Karis’s voice rasped in her ear. “You will not smoke again. Swear.”
Clawing at the blacksmith’s muscles, Zanja choked, “No.”
“Swear!”
Black spots swam before Zanja’s eyes. “Only—to save—your life,” she
gasped.
“My life is not worth such a price!”
And then she was shoved irresistibly away onto the bare stone, where she lay until her vision stopped swirling and she dared sit up, rubbing her neck and testing the hair at the back of her head to make certain it was still attached. “It’s good to see you feeling so well,” she said, speaking with some difficulty.
Karis lay upon her back, breathing convulsively, tense with rage, as though she was about to leap up and wreck the cave and all its contents, like a berserker. Zanja got up and went to the door. Emil and Medric lay in each other’s arms on the stony beach, groggy with love and sunshine. She shouted imperiously at them to bring some porridge, and they both stared at her.
She went back in, and knelt at Karis’s side, and begged her pardon for taking a risk she’d had no choice about and had every intention of taking again should the need arise. Her patent insincerity was enough to make Karis smile weakly. “I guess I didn’t make much of an impression.”
Zanja rubbed a bruised elbow. “You made an impression all right.”

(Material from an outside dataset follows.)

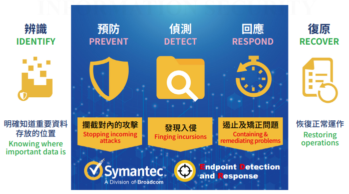 特別是美國國家標準技術局(NIST)於2014所發布的網路安全框架(Cybersecurity Framework)的5大核心:識別(Identify):明確知道重要資訊資產放在哪裡、保護(Protect):攔截對內的攻擊、偵測(Detect):發現入侵、回應(Respond):遏止及矯正問題與復原(Recover):恢復正常運作。定義了企業建構網路安全防護時,所需要重視的5大構面,讓企業在管理安全風險時,能夠對應到事前預防、事中處置與事後檢討改善的環節,提供網路安全生命週期的管理策略。NIST的網路安全框架更是EDR被列為企業資安必要解決方案的最大推手。

As Emil came in with the porridge, followed by Medric, they each in turn blocked the sunlight and cast the cave into shadow. Emil still limped badly. He bowed ironically as he handed Zanja some porridge. “I had checked on you just minutes ago.”

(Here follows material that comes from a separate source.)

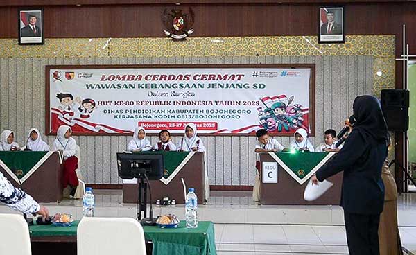 Menyemarakkan Hari Ulang Tahun RI ke-80, Kodim 0813 Bojonegoro bekerja sama dengan Dinas Pendidikan Kabupaten Bojonegoro menyelenggarakan Lomba Cerdas Cermat (LCC) Wawasan Kebangsaan jenjang Sekolah Dasar se-Kabupaten Bojonegoro.

“I was rudely awakened and it made me ill-mannered. I am sorry.”
“Well, you’ve been under a strain,” Emil said more kindly. “How is she?”
He looked directly into Karis’s face and recoiled with surprise.
Zanja remembered then what it had been like to meet Karis for the first time, to feel the shocking, palpable presence of her intelligence, like a handshake that leaves the hand aching. Emil, whose talent made people’s hearts transparent to him, dropped heedlessly to his knees. Karis gazed at him in some puzzlement, then at Medric, who had crouched, wide-eyed, beside him, and then she turned to Zanja and said, “I should know these people.”